Клево удивленно раскрыл рот:
— Ну знаешь ли, так тоже нельзя. Мы ведь — один экипаж. Мы — гуманоиды. А сенекси… — Он скривился и встряхнул головой, как будто ему скормили что-то горькое.
— Да нет же, я хотела сказать… — Она смолкла, засомневавшись вдруг, не вступает ли она в запретную область. — Мы с тобой разные, потому что нам давали разное питание, разные стоны. Но если смотреть шире, оба в равной степени отличаемся от сенекси. Они устроены не так, как мы с тобой, и действуют тоже не так. Но… — Ей снова трудно стало выразить свою мысль, и это раздражало ее. — Все, не хочу больше об этом.
Какой-то незнакомый Пруфракс рассказчик приближался к ним по тропе. Он подошел к Клево и пожал ему руку.

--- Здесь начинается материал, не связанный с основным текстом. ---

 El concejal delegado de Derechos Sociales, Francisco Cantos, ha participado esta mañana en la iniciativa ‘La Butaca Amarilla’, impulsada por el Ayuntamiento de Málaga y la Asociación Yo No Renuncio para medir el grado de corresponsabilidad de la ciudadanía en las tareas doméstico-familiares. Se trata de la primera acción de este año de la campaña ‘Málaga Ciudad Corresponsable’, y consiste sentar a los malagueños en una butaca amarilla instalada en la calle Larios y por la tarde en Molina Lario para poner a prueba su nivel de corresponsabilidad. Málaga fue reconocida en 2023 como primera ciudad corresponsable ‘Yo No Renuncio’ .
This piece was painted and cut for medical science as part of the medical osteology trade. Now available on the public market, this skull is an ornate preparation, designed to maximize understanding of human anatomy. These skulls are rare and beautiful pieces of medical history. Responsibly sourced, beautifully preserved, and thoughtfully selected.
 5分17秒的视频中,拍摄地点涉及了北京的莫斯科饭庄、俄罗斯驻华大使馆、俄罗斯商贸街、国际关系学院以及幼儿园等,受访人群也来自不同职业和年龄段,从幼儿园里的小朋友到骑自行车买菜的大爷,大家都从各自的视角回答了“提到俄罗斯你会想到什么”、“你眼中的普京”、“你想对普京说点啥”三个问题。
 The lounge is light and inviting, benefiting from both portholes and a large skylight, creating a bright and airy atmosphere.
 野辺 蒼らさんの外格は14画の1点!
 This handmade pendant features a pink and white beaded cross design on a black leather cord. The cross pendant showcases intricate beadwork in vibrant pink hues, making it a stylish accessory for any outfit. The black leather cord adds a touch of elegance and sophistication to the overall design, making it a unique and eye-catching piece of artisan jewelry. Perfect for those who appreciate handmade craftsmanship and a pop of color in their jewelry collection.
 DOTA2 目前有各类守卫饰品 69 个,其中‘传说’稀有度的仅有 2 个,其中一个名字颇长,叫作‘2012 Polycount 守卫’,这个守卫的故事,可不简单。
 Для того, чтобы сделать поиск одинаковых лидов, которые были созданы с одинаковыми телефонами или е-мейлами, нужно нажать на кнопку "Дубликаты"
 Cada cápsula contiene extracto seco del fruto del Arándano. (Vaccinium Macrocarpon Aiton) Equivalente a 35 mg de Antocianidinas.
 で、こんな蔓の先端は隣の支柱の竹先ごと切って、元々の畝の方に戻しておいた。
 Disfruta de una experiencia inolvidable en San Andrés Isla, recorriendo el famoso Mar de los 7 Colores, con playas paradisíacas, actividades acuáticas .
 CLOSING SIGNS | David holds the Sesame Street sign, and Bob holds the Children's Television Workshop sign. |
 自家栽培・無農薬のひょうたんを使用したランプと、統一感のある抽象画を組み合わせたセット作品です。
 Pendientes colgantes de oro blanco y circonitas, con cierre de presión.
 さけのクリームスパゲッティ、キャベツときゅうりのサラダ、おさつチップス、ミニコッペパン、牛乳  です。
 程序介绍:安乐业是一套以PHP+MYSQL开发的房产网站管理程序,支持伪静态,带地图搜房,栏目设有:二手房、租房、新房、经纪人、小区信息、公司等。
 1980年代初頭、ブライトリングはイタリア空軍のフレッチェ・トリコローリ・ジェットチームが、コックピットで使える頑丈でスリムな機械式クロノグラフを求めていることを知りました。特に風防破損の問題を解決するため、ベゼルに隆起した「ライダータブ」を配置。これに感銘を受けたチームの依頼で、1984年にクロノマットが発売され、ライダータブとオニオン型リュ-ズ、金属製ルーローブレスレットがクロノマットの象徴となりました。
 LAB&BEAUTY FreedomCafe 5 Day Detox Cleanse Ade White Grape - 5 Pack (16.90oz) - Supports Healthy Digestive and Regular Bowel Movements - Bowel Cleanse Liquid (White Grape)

— Просто поразительно, — сказал рассказчик, — как вас тянет друг к другу. Пойдем-ка, эльф, — обратился он к Пруфракс. — Ты вступила не на ту дорожку.
После она не встречалась больше с тем молодым исследователем. Тренировки в перчатках были в самом разгаре, и вскоре зудящий интерес, вызванный в ней незнакомцем, улегся, и снова все ее сознание заполнил Удар.
Сенекси имели средства, чтобы обнаружить приближение гуманоидов. Когда поступила информация о флотах и одиночных крейсерах, находящихся на расстоянии в менее чем один процент диаметра туманности, материнский корабль вдруг показался всем теплее обычного и не таким уж гостеприимным. Из-за всеобщего беспокойства уровень радиации на корабле сильно возрос, и новый отросток-индивид, прилепившийся к стене, пришлось прикрыть специальным силикатным щитом во избежание мутаций. Базовый разум нарастил защитную оболочку автоматически, хотя утолщение внешней мембраны мало что даст, если в материнском корабле будет пробита брешь.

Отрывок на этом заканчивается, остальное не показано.